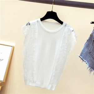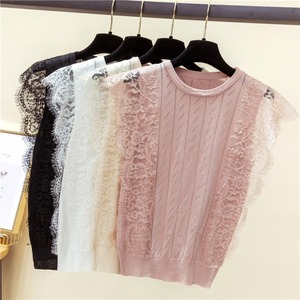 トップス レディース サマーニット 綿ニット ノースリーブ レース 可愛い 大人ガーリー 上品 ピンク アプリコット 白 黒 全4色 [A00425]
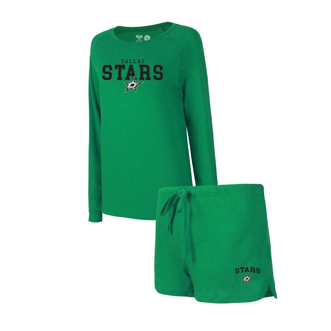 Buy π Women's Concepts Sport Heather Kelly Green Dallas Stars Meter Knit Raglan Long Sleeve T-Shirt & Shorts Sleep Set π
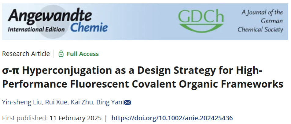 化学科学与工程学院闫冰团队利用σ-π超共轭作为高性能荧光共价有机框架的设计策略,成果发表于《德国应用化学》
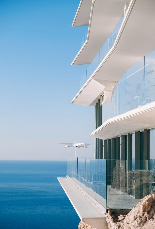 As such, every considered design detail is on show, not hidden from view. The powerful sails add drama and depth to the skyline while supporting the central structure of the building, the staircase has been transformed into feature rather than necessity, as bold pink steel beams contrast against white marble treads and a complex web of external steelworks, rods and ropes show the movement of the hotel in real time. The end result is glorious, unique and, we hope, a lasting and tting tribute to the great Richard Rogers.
------------------------------------
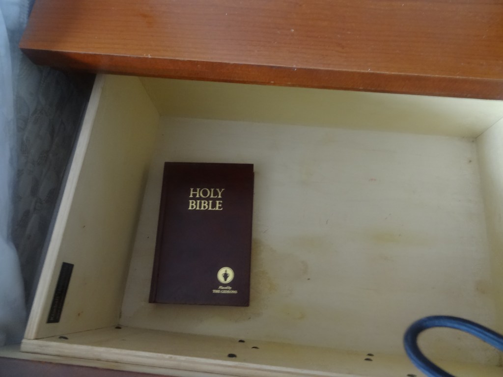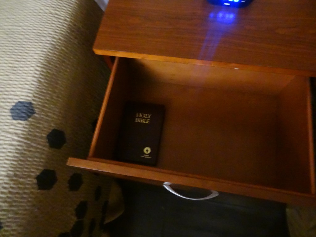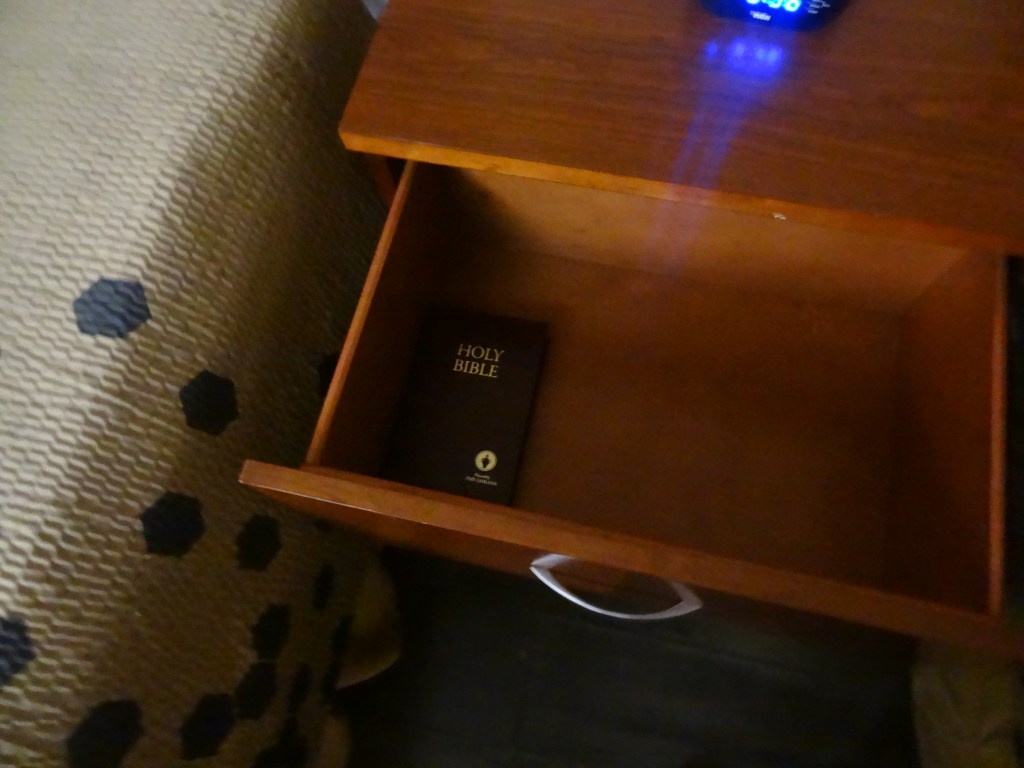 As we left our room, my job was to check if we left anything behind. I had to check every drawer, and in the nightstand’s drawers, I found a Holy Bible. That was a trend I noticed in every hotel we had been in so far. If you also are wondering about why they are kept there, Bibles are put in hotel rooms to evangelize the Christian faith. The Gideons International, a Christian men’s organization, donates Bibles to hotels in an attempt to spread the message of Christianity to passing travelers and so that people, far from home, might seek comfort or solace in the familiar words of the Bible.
------------------------------------
Brief ▸
From the records above, quote word for word only the lines beginning at the line that has "トップス レディース サマーニット" and stopping after the line that has "As such, every". Omit the pictures.

Response area ▸
 トップス レディース サマーニット 綿ニット ノースリーブ レース 可愛い 大人ガーリー 上品 ピンク アプリコット 白 黒 全4色 [A00425]
 Buy π Women's Concepts Sport Heather Kelly Green Dallas Stars Meter Knit Raglan Long Sleeve T-Shirt & Shorts Sleep Set π
 化学科学与工程学院闫冰团队利用σ-π超共轭作为高性能荧光共价有机框架的设计策略,成果发表于《德国应用化学》
 As such, every considered design detail is on show, not hidden from view. The powerful sails add drama and depth to the skyline while supporting the central structure of the building, the staircase has been transformed into feature rather than necessity, as bold pink steel beams contrast against white marble treads and a complex web of external steelworks, rods and ropes show the movement of the hotel in real time. The end result is glorious, unique and, we hope, a lasting and tting tribute to the great Richard Rogers.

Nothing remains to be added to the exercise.